Prodigy returns to play at concert

03:47, Sep 11 2012
UNIQUE TALENT: Nelson musician William Fairbairn 15, has returned from Australia to study for his university level music exams.

A Stoke musical prodigy who has spent the past year performing on the Gold Coast will entertain Nelsonians at a concert at the Suburban Club on Friday night.

Fifteen-year-old pianist, singer and composer William Fairbairn will be familiar to most Nelsonians as the musician in the gold jacket who has been playing at festivals and concerts since he was barely in primary school.

At 5, William first performed in public and released his first album. At 8 he was dubbed "the Elton John of Nelson", was awarded third prize for his entry in the instrumental section of the Pacific Songwriting Competition for his song Shark Catching the Rainbow Fish, and released his second album. In 2010, during a visit to Nelson, British piano genius David Helfgott heard William's composition Seasons of Life and requested the music so he could learn it.

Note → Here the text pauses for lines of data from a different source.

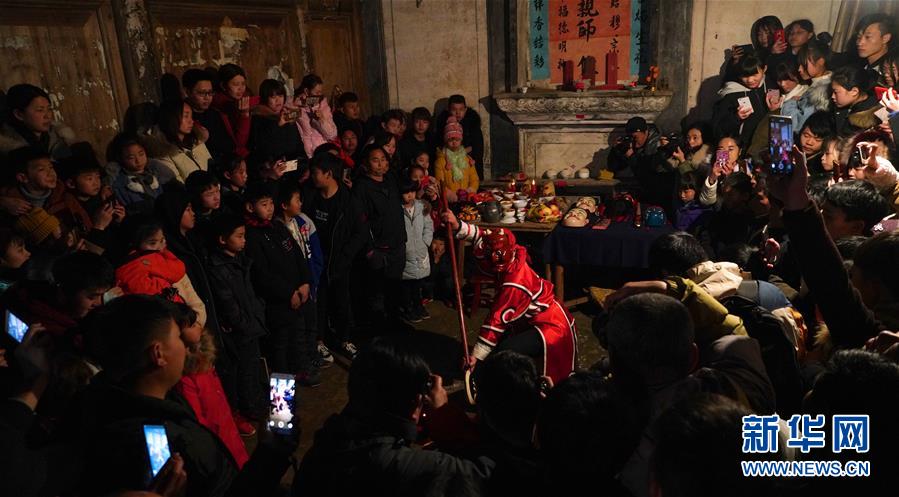 2月13日,傩舞艺人在白舍镇田东村表演傩舞。 正月期间,江西南丰县的傩师们走村串巷跳起傩舞,迎春祈福。据了解,南丰傩舞历史悠久,傩班每年正月初一“起傩”,到元宵节后一至三日结束,称之为“收傩”。 新华社记者胡晨欢摄
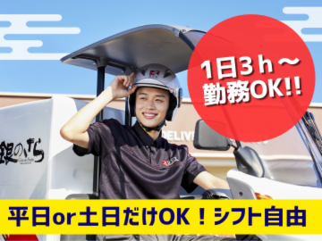 アピールメッセージ カンタン配達業務♪新人,未経験でも大歓迎!シフト提出は1週間毎★短時間勤務ok◎ 1日3H~OK♪安心の研修制度!授業とサークルの間にサクッと/お休みの日はガッツリなど働き方選べます◎海鮮丼など賄い有!
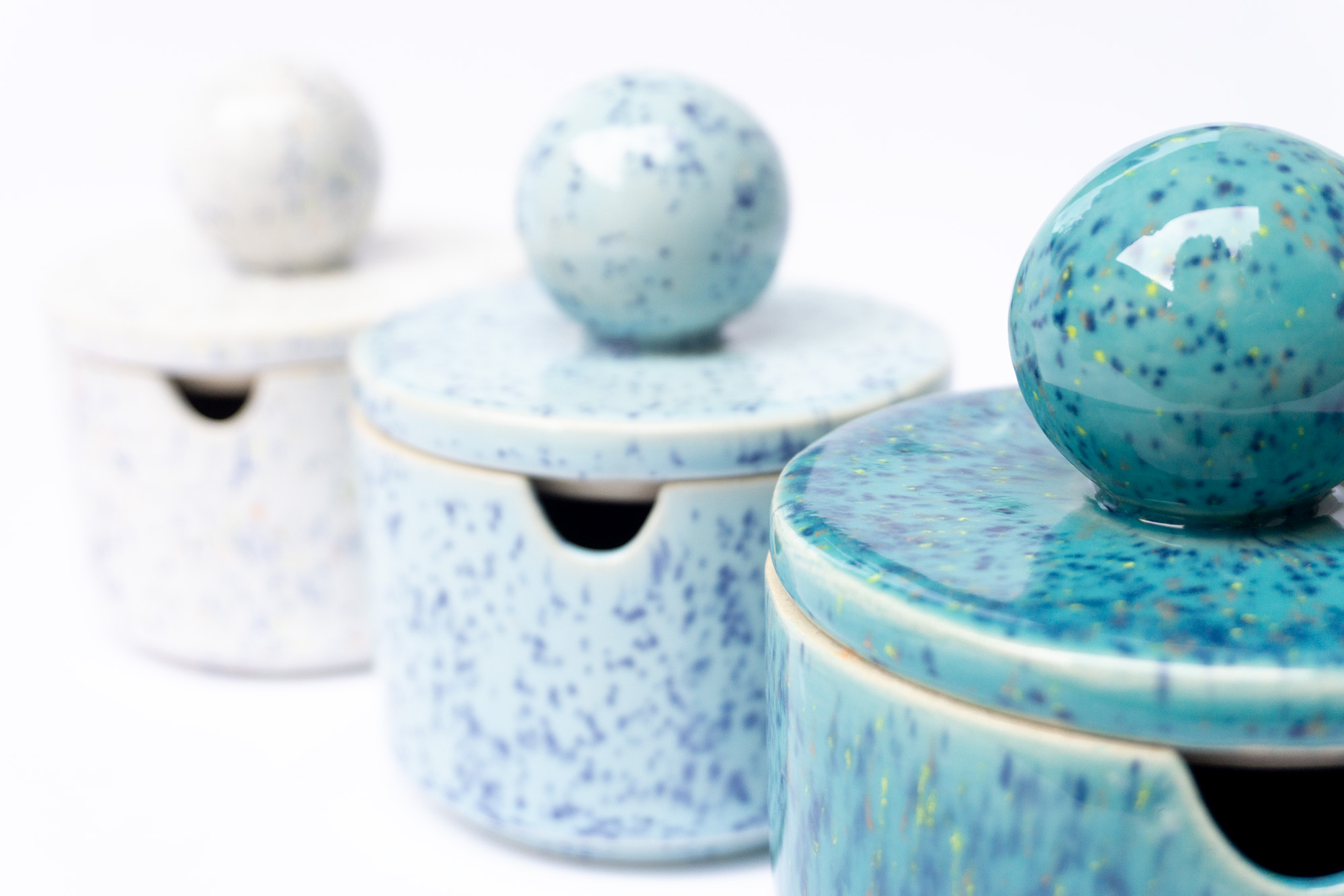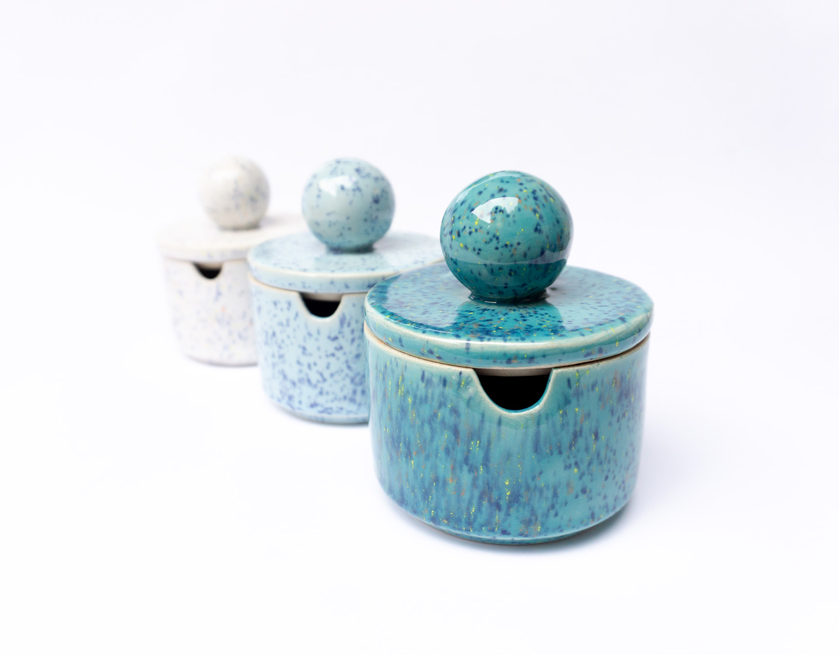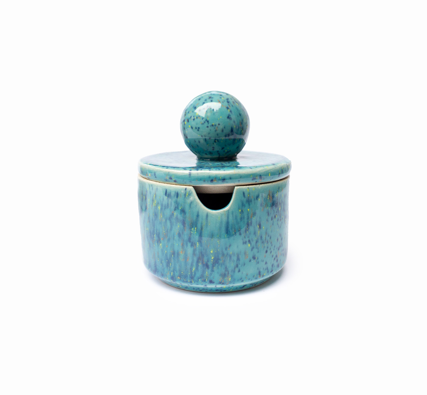 Prosta w formie cukiernica z otworem na łyżeczkę w ściance naczynia. Z uchwytem w kształcie sporej  kuli. Wykonana z wysoko palonej masy kamionkowej, szkliwo w kolorze morsko zielonym w drobny kolorowy rzucik. Wniesie dużo radości do wnętrza.
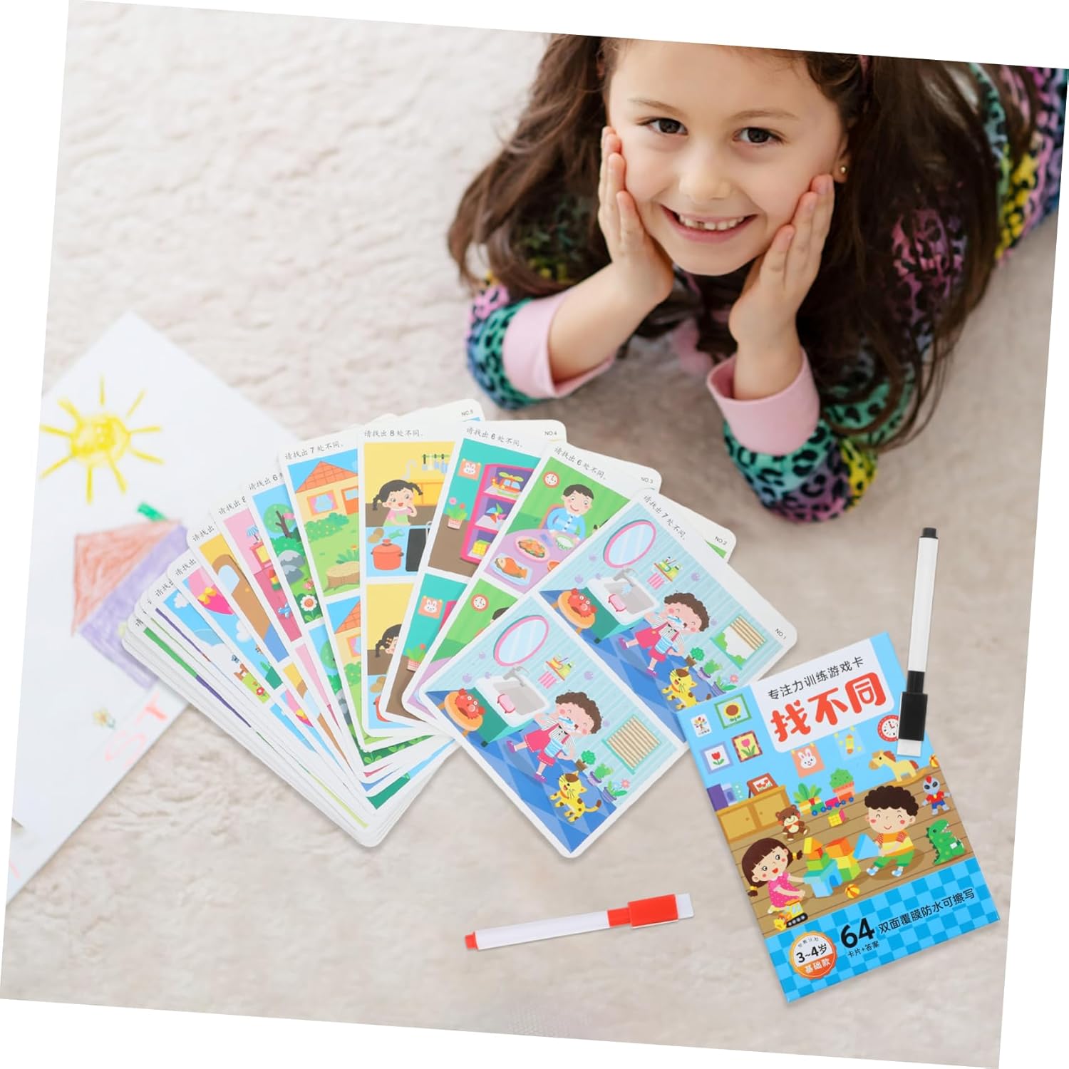 GIOCATTOLI PER BAMBINI - Questo giocattolo educativo è un ottimo modo per imparare e li incoraggia a esplorare diverse possibilità. Giocattoli educativi per bambini Puzzle con piccole carte - Cerchia le differenze, può sviluppare le capacità critiche e di osservazione dei bambini, migliorare la concentrazione, carte cognitive per allenare la concentrazione e il pensiero - Meraviglioso regalo di compleanno per bambini, giocattoli per feste, regali di Natale, premi giocattolo per giochi competitivi, giocattoli educativi per l'apprendimento precoce per bambini in età prescolare - Incoraggia le capacità critiche e logiche attraverso le sfide dei giochi di carte che possono usare, giochi di concentrazione giocattoli per bambini - possono allenare il loro pensiero abilità e migliorare le loro capacità cognitive, giocattoli di carta di carta

Since February, William has been working on the Gold Coast, staying with his sister in Brisbane and playing in restaurants, hotels, and cafes most weekends under the management of Australia's biggest entertainment agency Mas Entertainment, a contract he scored by winning a talent quest called Raw Talent.

He is back in Nelson for the rest of the year to study towards his Trinity College London music exams, but intends to return to Australia next year with his mother to further his career.

While the piano has always been his main instrument, he also plays guitar, drums, harmonica and pipe organ.


"Just getting a lot of exposure in Australia is the main thing," he said. "My favourite type of gig is definitely the more popular gigs, with the more people the better."

Yet William, one of six children from a musical family, had a rocky start at birth. Born premature at 26 weeks, his under-developed lungs meant he had ongoing difficulties breathing. His mother, Anna Fairbairn, said they almost lost him many times.

"He was very, very sick," his mother said. "I never want to go through that again.

"But he's got a really good attitude to life and a lovely demeanour to other people - very caring and compassionate, and I'd say that's because of what he's been through."

Their old home piano was a magnet for William as a young boy. "He used to cry and beg to go to music lessons, and we thought ‘What a strange child; not many kids cry'. So I took him to [music teacher] Eleanor Clenshaw and she listened to him and said ‘Wow, in 20 years of teaching I've never heard of anything like this'."

From then, his health improved.

"Physically he wasn't able to do a lot of rough-and-tumble sports, but he took his passion out in his music," Mrs Fairbairn said. "He was still in and out of hospital a lot but it gave him something to put his whole life into."

William was home schooled, and he partly credits his success to his education. "It has had its moments, but it's a much better choice because I can spend fulltime with my music as well as doing school work," he said.

His music teacher, Joel Bolton, said what made William unusual and "quite remarkable" was his ability in a range of styles.

"You'll get prodigious kids in classical, but not usually all of [the genres] - rock, jazz, classical and blues, he sings and plays harmonica."

At the moment William was practising from 8am until 5pm every day, with study for his exams taking up his mornings and perfecting his own compositions, including songs and movie soundtracks, in the afternoons. He also takes four lessons a week with long-time Nelson music teachers Mr Bolton and Joe Rifici, and has plans for a third album.

"I definitely want to tour the world and go to America and perform, because that's where a lot of people are," he said.

At his Suburban Club gig he will be performing various numbers from classical to popular.

"I do everything for a wide range of people, so it's fine for everyone and I make people happy."